▶ _DATA RECORDS_
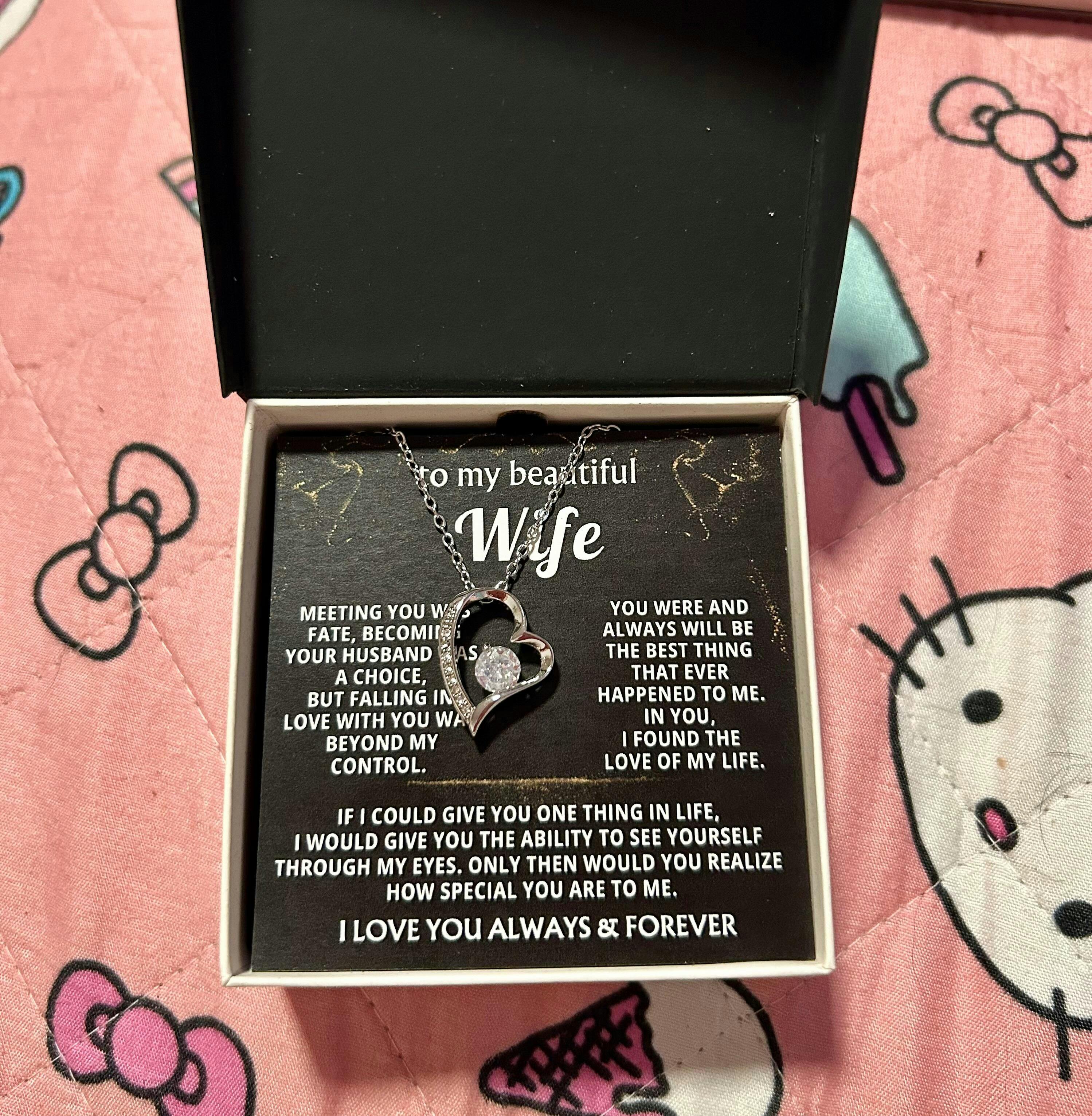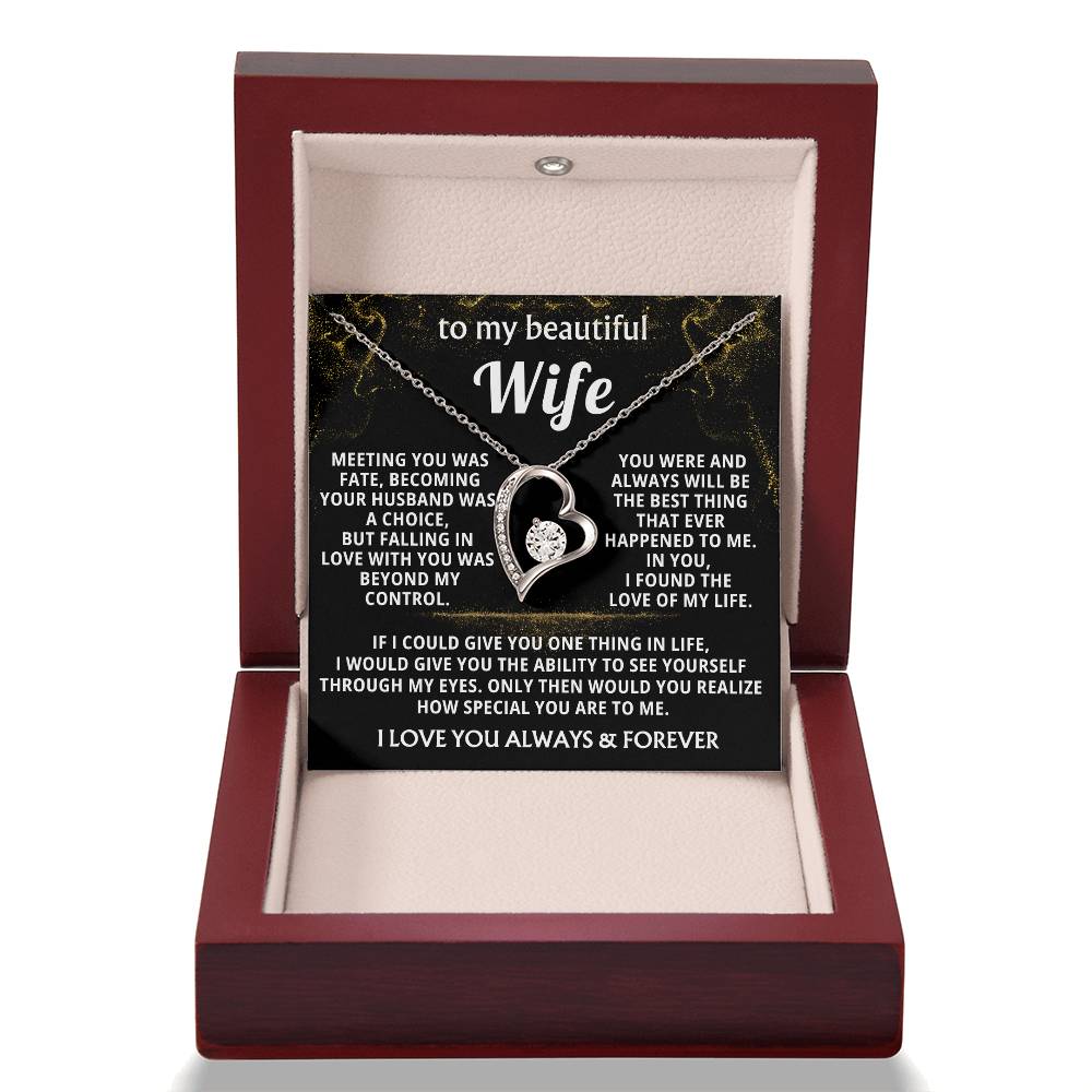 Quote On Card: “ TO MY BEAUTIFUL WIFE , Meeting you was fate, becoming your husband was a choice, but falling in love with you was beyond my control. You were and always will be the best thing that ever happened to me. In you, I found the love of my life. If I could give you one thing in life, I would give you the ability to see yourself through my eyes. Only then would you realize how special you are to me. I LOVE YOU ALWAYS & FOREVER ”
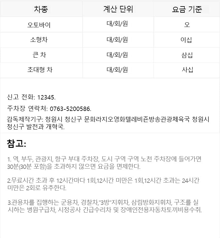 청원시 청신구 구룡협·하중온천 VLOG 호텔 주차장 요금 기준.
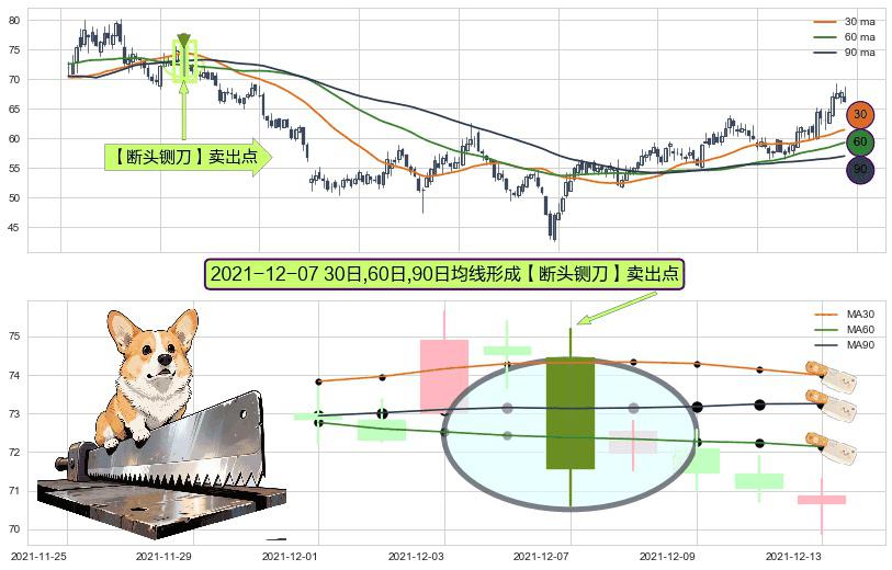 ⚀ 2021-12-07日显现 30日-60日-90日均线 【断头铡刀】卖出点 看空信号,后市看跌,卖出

---

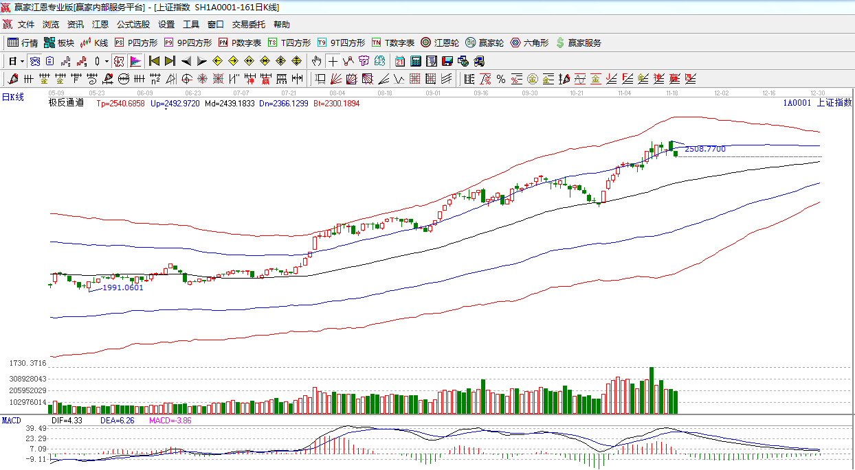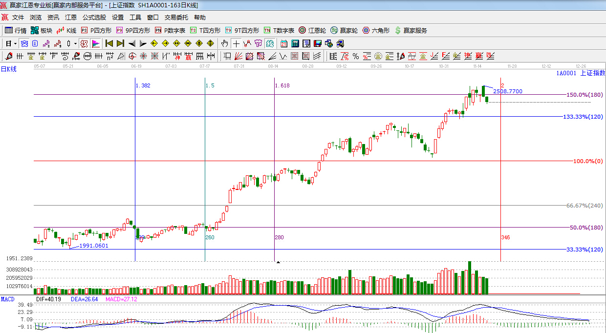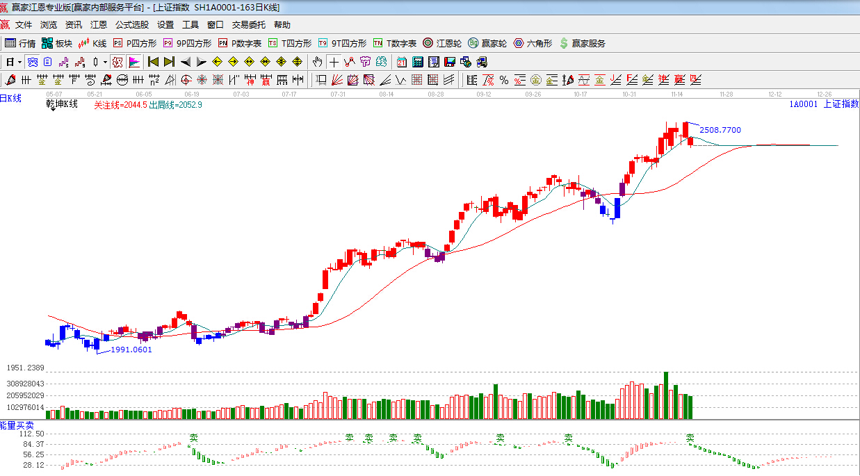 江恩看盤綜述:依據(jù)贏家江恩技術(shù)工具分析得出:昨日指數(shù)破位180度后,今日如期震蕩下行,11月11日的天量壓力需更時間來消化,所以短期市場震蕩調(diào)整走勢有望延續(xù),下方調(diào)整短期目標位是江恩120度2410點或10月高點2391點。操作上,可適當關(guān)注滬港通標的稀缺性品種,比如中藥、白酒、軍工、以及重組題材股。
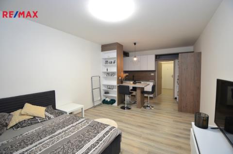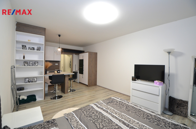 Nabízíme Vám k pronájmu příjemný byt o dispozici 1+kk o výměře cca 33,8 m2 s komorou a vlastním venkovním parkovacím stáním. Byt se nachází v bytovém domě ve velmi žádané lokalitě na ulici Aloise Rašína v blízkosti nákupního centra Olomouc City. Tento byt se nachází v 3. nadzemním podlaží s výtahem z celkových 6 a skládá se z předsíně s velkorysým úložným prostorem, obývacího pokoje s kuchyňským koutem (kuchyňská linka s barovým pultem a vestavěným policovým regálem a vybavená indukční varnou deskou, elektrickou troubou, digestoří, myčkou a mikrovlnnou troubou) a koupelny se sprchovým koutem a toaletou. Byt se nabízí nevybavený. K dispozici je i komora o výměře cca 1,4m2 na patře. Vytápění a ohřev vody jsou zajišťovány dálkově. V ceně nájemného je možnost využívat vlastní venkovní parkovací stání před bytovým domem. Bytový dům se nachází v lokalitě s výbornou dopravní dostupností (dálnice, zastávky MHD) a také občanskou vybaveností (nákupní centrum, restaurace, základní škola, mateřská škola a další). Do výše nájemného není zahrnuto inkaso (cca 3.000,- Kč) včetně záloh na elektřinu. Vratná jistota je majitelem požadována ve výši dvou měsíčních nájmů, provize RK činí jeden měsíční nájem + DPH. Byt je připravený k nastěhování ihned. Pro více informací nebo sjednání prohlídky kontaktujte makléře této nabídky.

▶ _YOUR OBJECTIVE_
Write out the lines above from the one with "TO MY BEAUTIFUL" through the one with "30日-60日-90日均线 【断头铡刀】卖出点 看空信号,后市看跌,卖出", ends included, exactly; no picture goes in.

▶ _ANSWER TO THIS PROBLEM_
 Quote On Card: “ TO MY BEAUTIFUL WIFE , Meeting you was fate, becoming your husband was a choice, but falling in love with you was beyond my control. You were and always will be the best thing that ever happened to me. In you, I found the love of my life. If I could give you one thing in life, I would give you the ability to see yourself through my eyes. Only then would you realize how special you are to me. I LOVE YOU ALWAYS & FOREVER ”
 청원시 청신구 구룡협·하중온천 VLOG 호텔 주차장 요금 기준.
 ⚀ 2021-12-07日显现 30日-60日-90日均线 【断头铡刀】卖出点 看空信号,后市看跌,卖出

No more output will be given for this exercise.